Education > Clinical Updates
Clinical Update #12
News from the 24 th Annual Clinical Virology Symposium
Daytona Beach, Florida
April 27-30, 2008
It is common in clinical practice to encounter patient samples that
contain mixtures of wild type and resistant HIV viruses. The virco®TYPE
HIV-1 v4.2.01 (vT) and the PhenoSense GT™ (PSGT) assays use different
methods to account for such mixtures in patient samples undergoing evaluation
for antiretroviral drug susceptibility. Karam Mounzer and colleagues from
The Jonathan Lax Treatment Center, in collaboration with Cooper University
Medical Center and Virco, presented a poster at the 24th Annual Clinical Virology
Symposium showing that even in the presence of mixtures, vT provides quantitative
phenotypic information while PSGT reverts to a genotypic interpretation,
thereby allowing the vT user to better identify potential residual drug activity
in these clinical samples.
This retrospective, single-center study included all patients on a failing antiretroviral
drug regimen who had a PSGT assay conducted over a 1 year period between July 1, 2004
and June 30, 2005. Complete mutation/polymorphism lists derived from PSGT assay reports
were used to generate corresponding vT reports.
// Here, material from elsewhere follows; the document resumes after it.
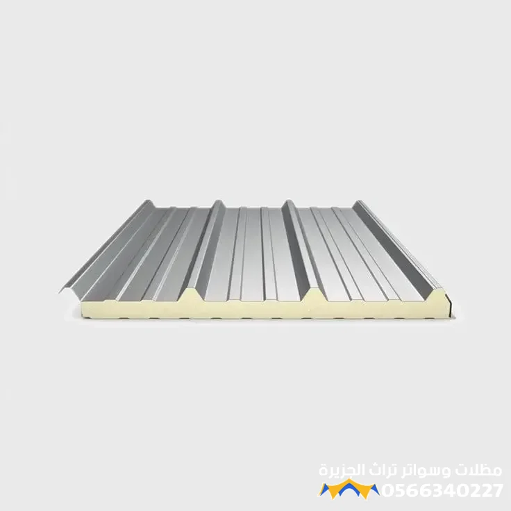- الطبقتان الخارجيتان: وهما أغشية صلبة ومرنة في آن واحد، غالبًا ما تكون من صفائح الفولاذ المجلفن أو الألومنيوم المعالج والمطلي لتحمل العوامل الجوية والصدأ. هذه الألواح توفر القوة الهيكلية والحماية الخارجية.

A mixture was defined as the presence of
wild type amino acid and a resistance associated amino acid substitution at 1 primary or
2 secondary positions of reverse transcriptase and/or protease genome. Among samples containing
mixtures, PSGT Net Assessment (NA) results were categorized as susceptible or resistant
and vT Resistance Calls (RC) as susceptible, intermediately susceptible, or resistant
The primary objective of the study was to determine the concordance between the PGST Net
Assessment and the vT Resistance Call through the following classifications:
- Full concordance: identical susceptible or resistant results with both assays
- Partial concordance: intermediately susceptible result with vT assay and a susceptible or resistant result with PSGT assay.
- Full discordance: opposite susceptible or resistant results with the two assays.
Of the 51 PSGT assays conducted during the 1-year study, 33 (64.7%) contained mixtures, affecting 240 calls per drug in both the NRTI and PI classes. Among 49 calls affected by mixtures and classified as Resistant by PSGT NA (with Phenosense phenotype sensitive, GeneSeq genotype resistant), vT classified 44% and 68% with intermediate susceptibility to NRTIs and PIs respectively, thereby identifying potential residual activity. The authors concluded that the vT has a significant advantage over the PSGT due to its ability to make quantitative assessments of drug susceptibility even in the presence of mixtures.
Data from this new approach provide a conservative assessment of potential resistance based on mutations detected in the viral genotype and eliminates a potential shortcoming of phenotyping by considering the full resistance weight of mutations that may result in sub-optimal responses when present in mixtures.